• Instructions to follow:
Give again exactly the lines that run from the start of the records to the line holding "比如#霸王茶姬的新品磁场太强", both ends counted. Do not include the pictures.

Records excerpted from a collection
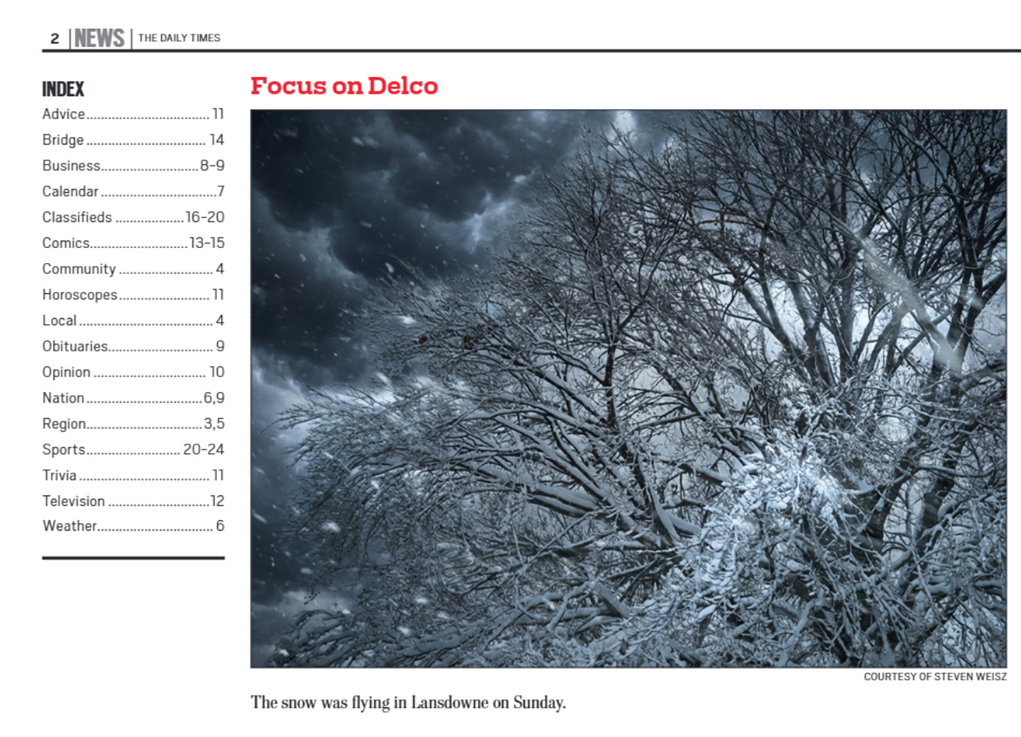 – Image published in print edition of Delaware County Daily Times for area snowstorm 2-25-2026 | View Image
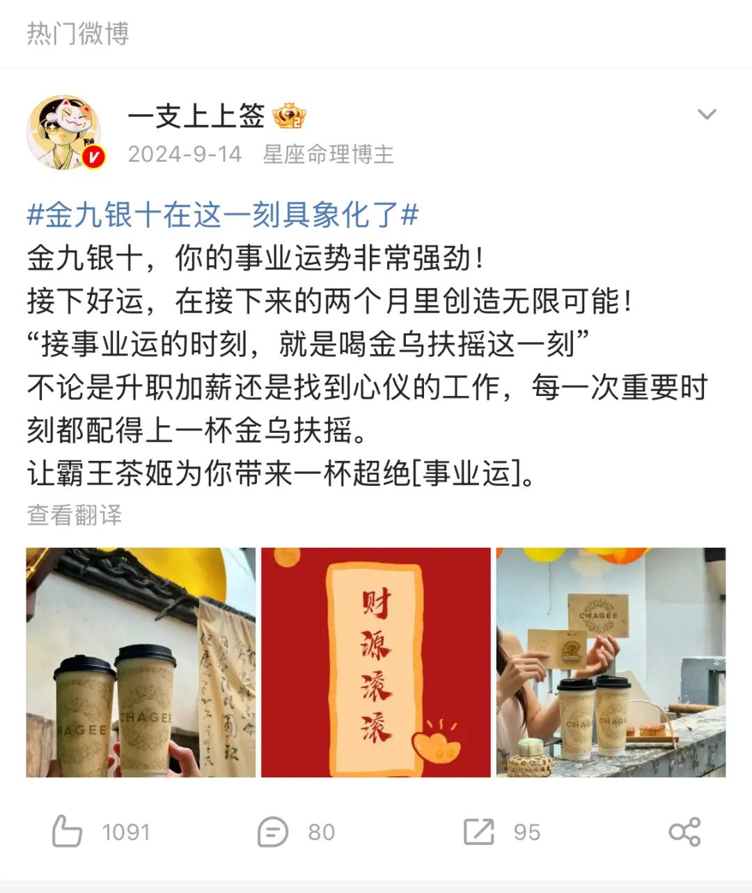 比如#霸王茶姬的新品磁场太强了#、#喝金乌扶摇后中彩票了#、#金九银十在这一刻具象化了#、#开工接好运主打一个心诚则灵#、#十二星座金九银十事业好运#等。
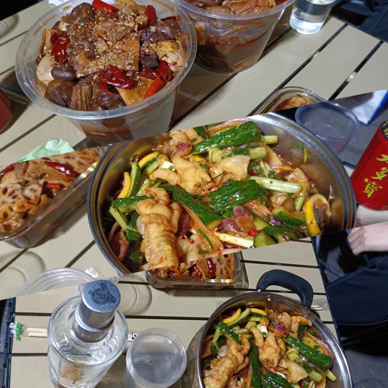 好友里有个大厨,我也能跟着沾沾口福,在家做了卤菜和鸡爪带着,味道非常棒,卤菜陪酒简直一绝,晚上12点一群人撑起桌子喝酒吃肉,好不快活。其中有两位朋友我们也是许久未见,早上临时问了下我们晚上出来玩要不要一起,没有周密的计划,没有详细的行程,就这都毫无犹豫的就出来了,再见面毫无陌生感,一起喝酒聊天,说说笑笑,什么减肥养生的事情都抛在脑后
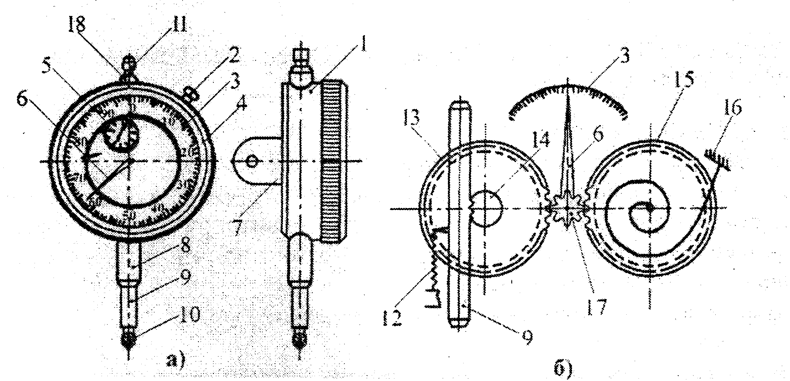 На оси этого колеса неподвижно закреплена стрелка 6. линейное перемещение измерительного стержня 9 вызывает поворот зубчатых колес 14 и15. Зубчатое колесо 13 вращает колесо 17 и стрелку индикатора 6.
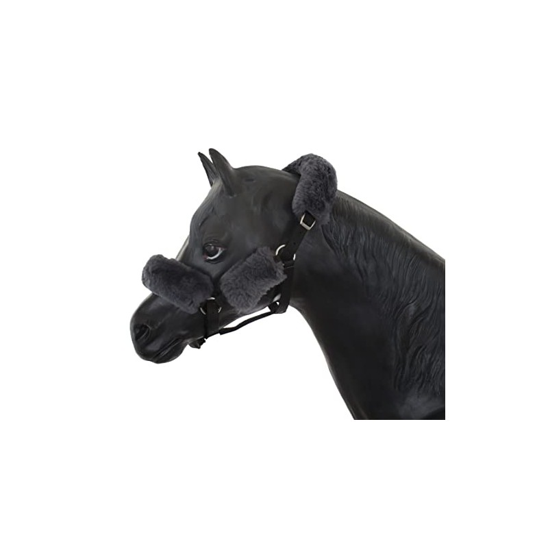 Engel transport set (hutch set) 4-piece including 1x neck protector, 1x nose protector, 2x jaw pieces: the halter set is made from 100% lambskin (genuine merino lambskin from Australia). The lambskin is particularly soft and dense wool. The wool height is approx. 30 mm. The length of the neck protector is approx. 32 cm. The nose protector is approx. 28 cm long. All 4 parts can be attached to the halter thanks to Velcro fastener. The lambskin protector prevents chafing and pressure points in the sensitive nose and neck area, as well as in the jaw area of the horse.

• The completed task:
 – Image published in print edition of Delaware County Daily Times for area snowstorm 2-25-2026 | View Image
 比如#霸王茶姬的新品磁场太强了#、#喝金乌扶摇后中彩票了#、#金九银十在这一刻具象化了#、#开工接好运主打一个心诚则灵#、#十二星座金九银十事业好运#等。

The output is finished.